Today was the most productive day ever. I caught up on a TON of things that I thought that I’d never have the time to finish before Friday. I graded an enormous stack of papers, put a ton of grades into the computer gradebook, made most of my copies for the rest of the week, had 2 meetings, and left work early. I didn’t have any tutoring sessions booked for tonight, so I was home at 4:30, worked out, showered, and have time to indulge in guilty-pleasure tv? AWESOME. I also only have 2 more chapters to finish of my book – which I still have time to do before bed. YAY!!! Not bad for a day when I totally overslept and didn’t work out this morning. My lunch for tomorrow is even made, saving me an extra 10 minutes tomorrow morning….
So I’m currently watching the Voice – mostly because I like to hear pretty singing – and also because I’m trying to figure out why Cee Lo has midget arms. Sometimes I wonder what it would be like to be famous – but mostly I just wonder what it would feel like to be REALLY talented at something. Just gifted – really really awesome at SOMETHING. I feel like I’m mediocre at a lot of things. I’ve been OK at a lot of stuff over the years – piano, clarinet, ballet, speaking french – but when it comes down to being really GREAT at something – I really don’t have that thing. Maybe I’m still looking for it, maybe it doesn’t exist. I do know that I constantly feel like I’m falling just a bit short on things. This year has been especially hard on me for that. I had this really great job interview this year – got turned down in the final 2 people. Then I was nominated for this teaching award with a big monetary prize – fell short in the last 30 finalists.
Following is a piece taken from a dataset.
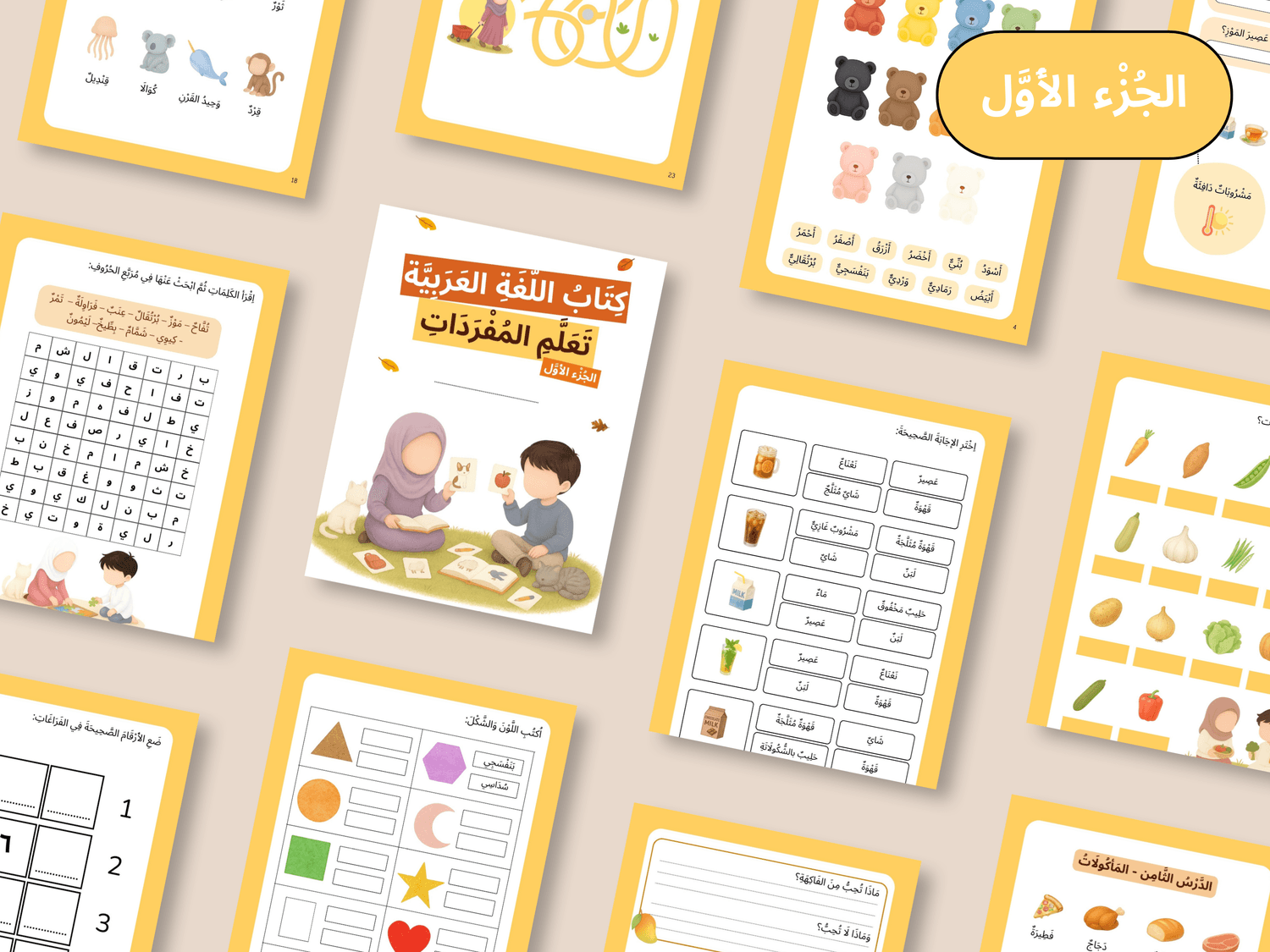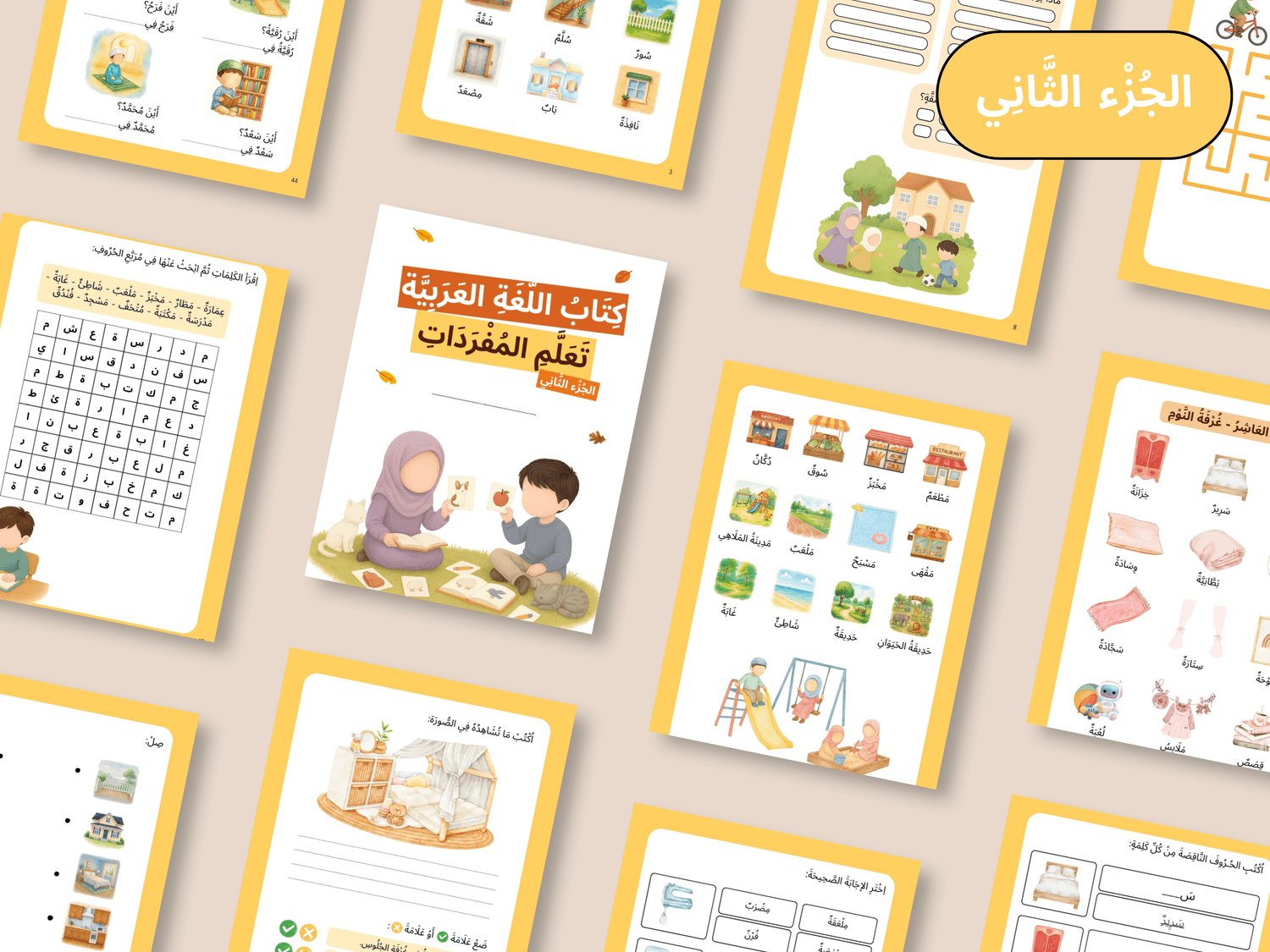 Kindvriendelijke werkboekjes voor Arabische woordenschat.

Was nominated for another teaching award – fell short again. I have NO IDEA why I am so disappointed by these shortfalls either. I mean it was the first 2 times in 9 years that I’ve ever been nominated for anything like that at all. I never expected to win – but the closer that you get to the final group of something, its harder and harder not to get your hopes up. I do try to stay positive about things – which no one ever believes because I have a reputation as being a pessimist (being realistic does NOT mean that you expect bad things – it means you mentally prepare for both positive and negative consequences. Nothing irks me more than people calling me negative). But its hard to maintain positivity when you’ve had a pretty disappointing year.
I’m thinking of trying to do something that’s just for myself this summer. I don’t know what yet – maybe french or ballet class – maybe something totally new and different like kung fu – which my chiropractor often suggests to me. Of course it does all come down to time and money. If I can find something at a convenient time & a reasonable price – something that isn’t too common in Chicago – I’ll sign up immediately. I feel like I need to spend time with other adults outside of the insanely busy and frustrating realm of education. I feel like over the years that my career has almost made it impossible for me to have friends. The people that I work with are like family to me – they’re awesome people – but I feel like I don’t have ‘friends’ anymore. I don’t have people to shop with or go to the movies with, or call when I’ve had a crappy day. I mean I guess I could post a ‘I need non-teacher friends/I’m not a crazy stalker/murderer’ ad on craigslist. But that usually results in creepy emails from old men looking for three-somes. Where do adults that have 2 jobs and 20 minutes a week to themselves meet friends? Is it worth making new friends if you don’t have time to invest in a real relationship with them? Quite frankly, I’m amazed that I can manage to talk to my boyfriend for more than 20 minutes a week. Considering how much attention he requires, I’m amazed that he hasn’t lost interest in watching me sleep in a deep coma all weekend. Thankfully the weather is finally getting a little bit better – so hopefully we can at least get outside now.
Oh well – back to vegging out and wondering about Cee Lo’s arms. They’re just so SHORT. How does he type?